Вообще говоря, в секулярной культуре обязательно должны присутствовать интеллек­туальный и художественный пласты. И если последний из них представляет искусство, то первый в высшем его выражении есть философия. В России же, стране, не имевшей на протяжении столетий философской традиции, не создавшей ее и за два века Петербургского периода, филоософия с 30-х годов XIX века была замещена литературной критикой, по существу же — насквозь идеологизированной общественной мыслью. Литературная крити­ка живет интересами дня, она вся в борьбе партий и течений. В результате ей в принципе по возможностям осмысление явлений, имеющее значение только для современников.
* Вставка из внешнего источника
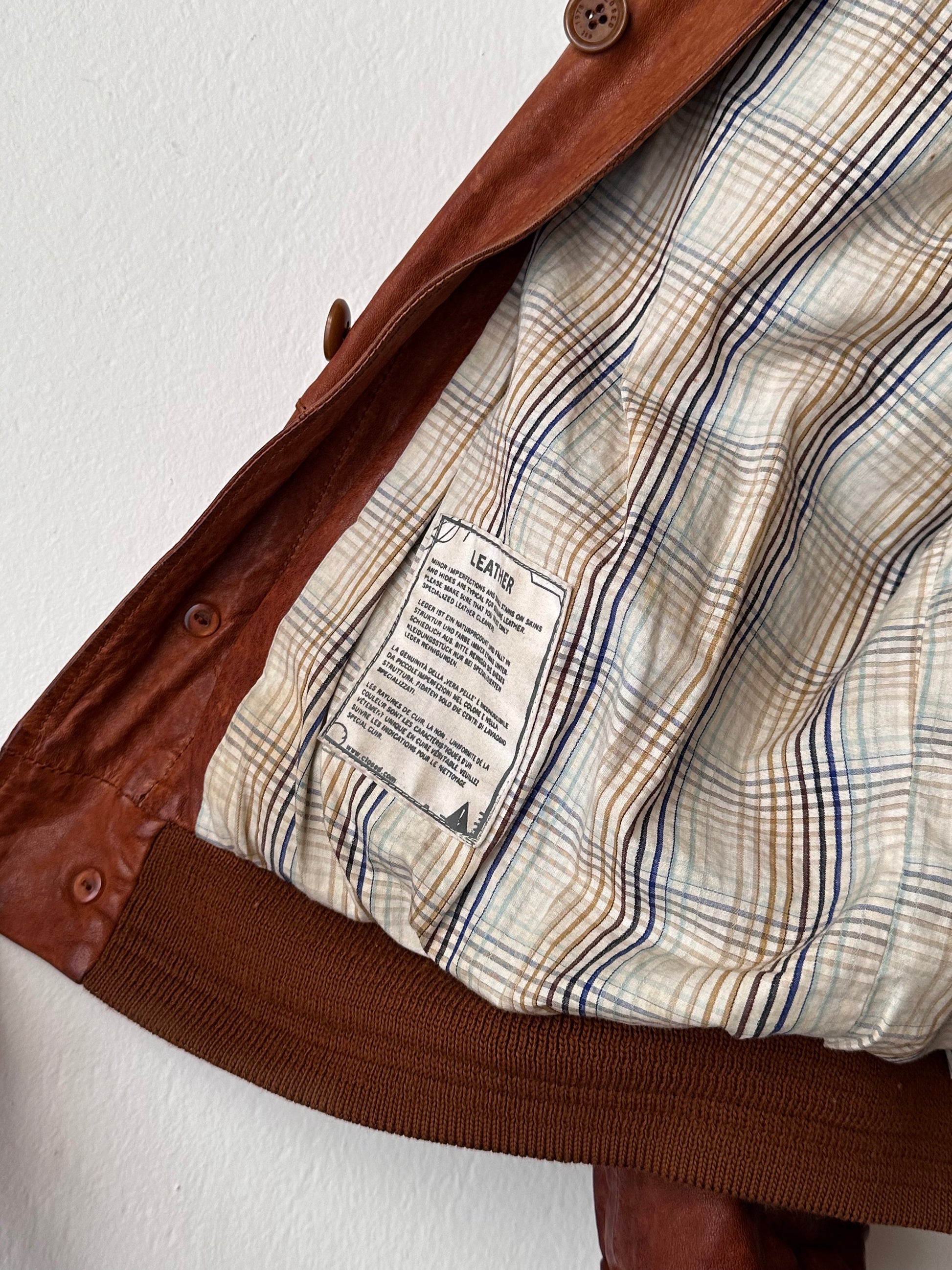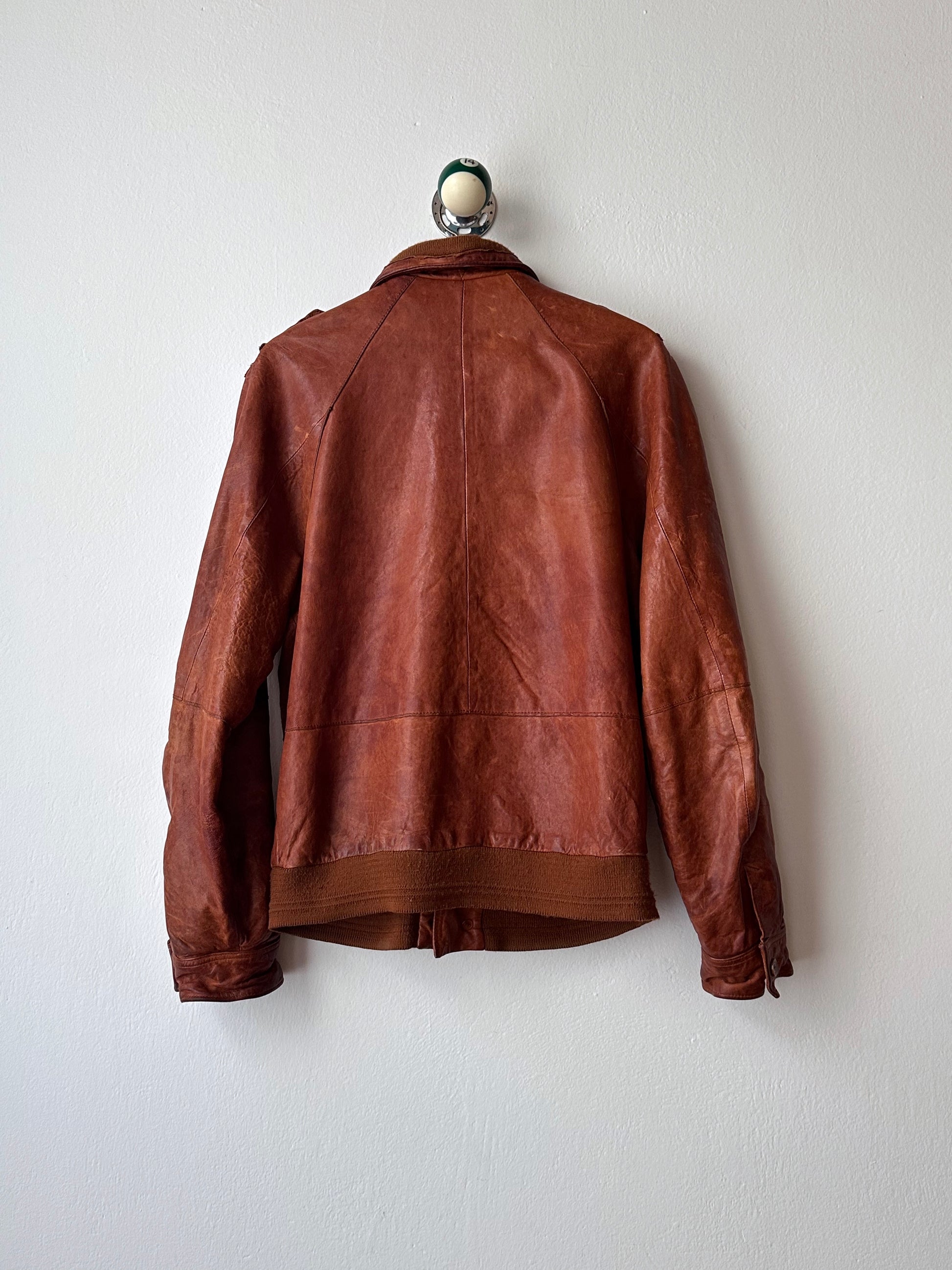 年をとるに連れて年々ブラウンのレザーが好きになってます、特に今回とかめっちゃイタリアンなレザージャケット。ニットの使い方とかエポレットとかポッケとかもろもろ。薄いジーンズにアディダス履いてパーカーの上にこのレザージャケットとか着てそう。

Строго говоря оно является не столько мыслью, сколько умонастроением, исчезающим вместе с по­родившей его злобой дня. Самый талантливый из русских литературных критиков — Белин­ский еще имел достаточное чутье, чтобы отдать должное некоторым из великих писателей


«золотого века». Его преемники, даже восхвалявшие классиков «золотого века», слишком часто действовали подобно М. Е. Салтыкову-Щедрину. У него после разбора крупнейшего из русских романов «Войны и мира» только и нашлось похвалы Л. Н. Толстому в таких словах: «А вот так называемое высшее общество граф лихо прохватил». Слишком очевидно, что подобные похвалы ничем не лучше, а скорее всего, и опаснее, любой хулы. Они нивели­руют великие творения до уровня интересов дня, очень наглядно демонстрируя этим полное несоответствие интеллектуальной и художественной составляющих культуры, то до какой степени первая из них уступает второй.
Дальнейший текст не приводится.